How do people engage with female athlete centred ads compared to male centred ads?

For one of my classes for my master's degree, I had to create a portfolio where I applied some of the research methods I had learned to answer a question. For this particular question, I used the research method of social listening to see what similarities and differences could be found in ways one engaged with female athletes and male athletes. To do so, I looked at Nike’s Dream Crazy (a male-athlete centered ad) and Dream Crazier (a female-athlete centered ad) on YouTube and Twitter. Since these advertisements were released a while ago (September 2018 and February 2019 respectively), I looked at the contents of the comments from the past month only.


The reason I chose this method was because it would allow me to analyse the comments and categorize it in a way that could then be formatted visually to show what people were saying, and at what quantity the content was being said. This analysis and visual representation of the findings is key to successfully showing not just what was being said, but how the audience was engaging—it showed how individuals were engaging positively or negatively.

I collected data from the comments by grouping them into categories such as: love (this ad); boycott (Nike); Kaepernick neg.; Williams neg.; inspiration; stupid.
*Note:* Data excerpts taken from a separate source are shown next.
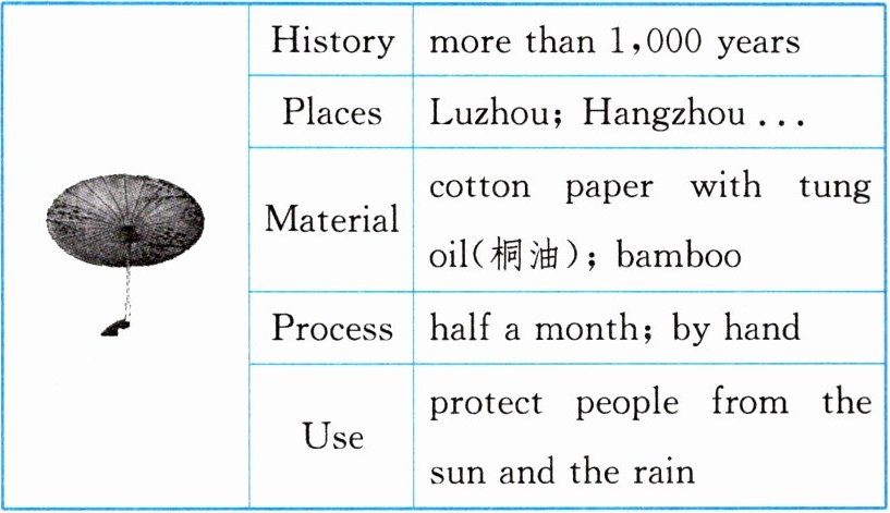 (2024·牡丹江期中改编)假设你是豪华,是你校英文报的一名编辑。本期你打算在你负责的专栏“Traditional Chinese Art”中介绍中国特色产品油纸伞(oil - paper umbrella)。请你根据以下提示,以“The oil - paper umbrella”为题写一篇英语短文,词数80左右。
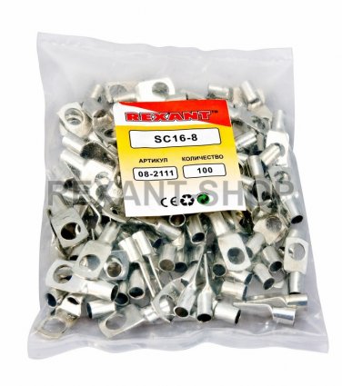 НАКОНЕЧНИК КОЛЬЦЕВОЙ (НК ø8.4мм) 16мм² (SC16-8) REXANT предназначен для создания качественного подключения электрооборудования, которое осуществляется через контактное соединение на основе винтовой фиксации. Такая клемма используется для оконцовывания многожильных медных проводов при монтаже электрооборудования силовых или осветительных сетей (электрооборудования промышленных предприятий, систем отопления, горячего водоснабжения, вентиляции и кондиционирования, обогрева водостоков и дренажа, лифтов или сверхмощного бытового электрооборудования). Кольцевой не изолированный наконечник REXANT изготовлен из латуни, с поверхностным электролитическим лужением, которое надежно защищает его от различных внешних воздействий. Использование такого наконечника для упрощения стыковки и монтажа кабеля обеспечит лучшую механическую прочность соединения на разрыв и максимально надежный контакт с кабельной жилой. Обжатие производится специальными пресс-клещами (рекомендуем - HT-25L арт. 12-3051; HT-2515 арт.12-3055; HT-6010 арт.12-3041) после заведения предварительно подготовленной жилы в трубную часть наконечника до упора. Основные характеристики:
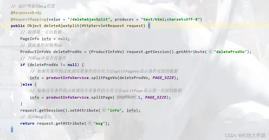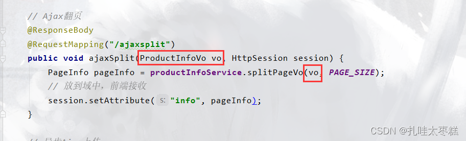 ?ProductInfoController修改上面的ajaxSplit方法,翻页的时候获取页码,停留到vo当前页,如果vo没值的话就是第一页

I chose these categories as they categories as they still maintained the positive or negative connotation of the comment, but was shorted in a way that could be easily grouped with similar comments, despite those comments not using the same exact words/wording. Once all of the comments for the past month were categorized, I used RawGraphs’ Dorling map generator to create a visual representation of my findings.
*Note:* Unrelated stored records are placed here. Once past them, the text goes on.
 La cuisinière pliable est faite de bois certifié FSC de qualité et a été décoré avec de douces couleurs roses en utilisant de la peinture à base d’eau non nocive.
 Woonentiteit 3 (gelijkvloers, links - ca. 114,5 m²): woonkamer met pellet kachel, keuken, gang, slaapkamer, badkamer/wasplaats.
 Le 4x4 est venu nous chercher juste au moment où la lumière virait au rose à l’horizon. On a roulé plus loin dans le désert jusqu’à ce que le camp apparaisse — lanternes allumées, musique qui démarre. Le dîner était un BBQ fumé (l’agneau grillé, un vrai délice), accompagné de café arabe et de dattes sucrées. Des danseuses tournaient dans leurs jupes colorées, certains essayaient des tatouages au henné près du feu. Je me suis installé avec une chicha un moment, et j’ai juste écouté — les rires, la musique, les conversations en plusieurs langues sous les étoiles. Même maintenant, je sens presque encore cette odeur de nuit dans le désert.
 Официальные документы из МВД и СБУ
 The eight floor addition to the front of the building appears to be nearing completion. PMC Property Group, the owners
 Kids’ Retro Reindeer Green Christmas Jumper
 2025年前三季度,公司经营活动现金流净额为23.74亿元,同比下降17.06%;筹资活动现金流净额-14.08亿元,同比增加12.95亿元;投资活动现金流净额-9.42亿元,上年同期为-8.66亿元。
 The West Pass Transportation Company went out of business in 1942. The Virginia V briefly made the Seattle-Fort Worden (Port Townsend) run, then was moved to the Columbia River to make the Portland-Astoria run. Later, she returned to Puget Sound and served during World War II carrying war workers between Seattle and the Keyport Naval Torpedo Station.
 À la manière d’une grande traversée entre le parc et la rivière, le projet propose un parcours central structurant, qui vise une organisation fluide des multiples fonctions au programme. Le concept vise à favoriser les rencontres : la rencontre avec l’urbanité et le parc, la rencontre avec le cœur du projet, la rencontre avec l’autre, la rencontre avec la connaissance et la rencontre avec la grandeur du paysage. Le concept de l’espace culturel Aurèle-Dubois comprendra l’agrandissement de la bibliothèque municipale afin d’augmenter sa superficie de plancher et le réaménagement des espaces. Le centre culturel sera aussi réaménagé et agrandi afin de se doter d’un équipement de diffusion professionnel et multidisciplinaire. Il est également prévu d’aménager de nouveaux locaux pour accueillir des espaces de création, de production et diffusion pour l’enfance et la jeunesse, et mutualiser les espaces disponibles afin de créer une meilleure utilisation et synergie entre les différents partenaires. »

During the analysis process of the comments, I found that it became increasingly difficult to try and sort each individual comments into their designated category. For example, there were many comments that I interpreted to be sarcastic, so I would try to analyse whether or not I should categorize the comment based solely on words used, or based on connotation. In the end I decided categorize comments such as these based on connotation (and other audience engagement), as I was questioning how the audience engagement differed between the two advertisements, not questioning what was being said. Another example of difficulties I found were categorizing memes and gifs. There were some that used them, but this seemed to offer no valuable meaning to the analysis and were unrelated to the comment thread.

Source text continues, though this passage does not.